Below are entries; copy exactly, and only, the lines from the one containing "画面右下のタスクトレイに表示" through their final line, leaving out pictures.

(Data for review)

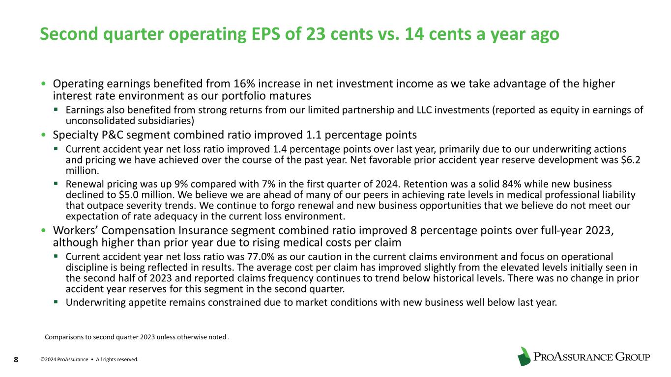 ©2024 ProAssurance • All rights reserved. 7 Specialty Property & Casualty – Restore profitability and support appropriate growth • Obtain rate beyond loss cost trend • Distinguish ProAssurance as carrier of choice for medical professional liability coverages ▪ Use technology to support superior customer experiences for our distribution partners and policyholders ▪ Prioritize needs of more profitable small to mid-size accounts ▪ Launch state-of-the-art workflow solution and online portal ▪ Implement straight-through processing technologies to reduce costs • Invest in innovation solutions that enhance risk selection, pricing accuracy and workflows ▪ Leverage our data science and predictive analytics capabilities to support growth in appropriate markets and subsectors • Assist insureds with strategies to mitigate future losses Corporate – Provide strong net investment income stream to bolster underwriting contribution • Leverage higher interest rate environment to increase portfolio yield • Consolidate statutory entities to maximize efficiency and capital utilization • Manage talent-acquisition and retention strategies to maximize value of work force Workers’ Compensation – Minimize impact of medical inflation • Improve efficiency with newly implemented integrated policy, claims, risk management, and billing systems • Reduce loss costs by managing selection of providers and implementing cost management programs • Leverage investments in InsurTech underwriting, AI and claims data analytics to: ▪ Improve penetration in more profitable small account market segment ▪ Improve efficiency by expanding use of AI in underwriting and claims Strategic Initiatives - Addressing Challenging Markets
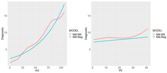 Diagnostic: Figure 11 reports the PD plots for the Diagnostic claim frequency. The age (
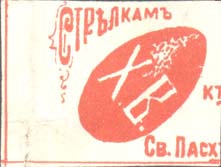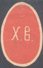 1915 1915(?) г. Виньетка в форме яйца разм. 23 х 36 мм. Одноцветная печать на желтоватой бумаге. В центре яйцо, в центре которого буквы «Х» и «В».
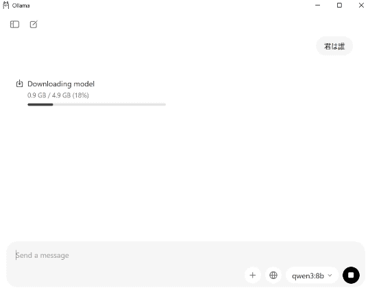 画面右下のタスクトレイに表示される「Ollama」のアイコンをクリックすると、GUIからモデルをダウンロードできます。今回使うのは「qwen3:8b」(約5.2GB、メインモデル)と「qwen3:1.7b」(約1.3GB、軽量ヘルパー用のサイドカー)の2つです。サイドカーモデルは権限チェックや初期化といった軽いタスクを担当するもので、自動的に選択されます。
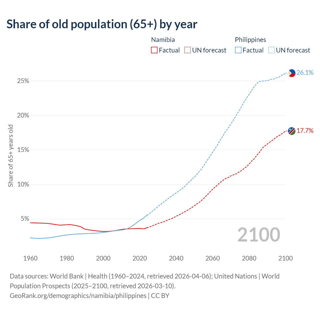 The share of older people aged 65 and over is 3.67% in Namibia and 5.49% in the Philippines. Life expectancy in Namibia compared to the Philippines .
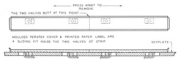 The paper designation strip below the indicators is protected by a moulded transparent window held in a metal frame. As shown in Fig. 10, the frame is in two halves which can be separated to release the spring clips securing the designation strip to the key plate.

(End Data for review)

*Answer for the task*:
 画面右下のタスクトレイに表示される「Ollama」のアイコンをクリックすると、GUIからモデルをダウンロードできます。今回使うのは「qwen3:8b」(約5.2GB、メインモデル)と「qwen3:1.7b」(約1.3GB、軽量ヘルパー用のサイドカー)の2つです。サイドカーモデルは権限チェックや初期化といった軽いタスクを担当するもので、自動的に選択されます。
 The share of older people aged 65 and over is 3.67% in Namibia and 5.49% in the Philippines. Life expectancy in Namibia compared to the Philippines .
 The paper designation strip below the indicators is protected by a moulded transparent window held in a metal frame. As shown in Fig. 10, the frame is in two halves which can be separated to release the spring clips securing the designation strip to the key plate.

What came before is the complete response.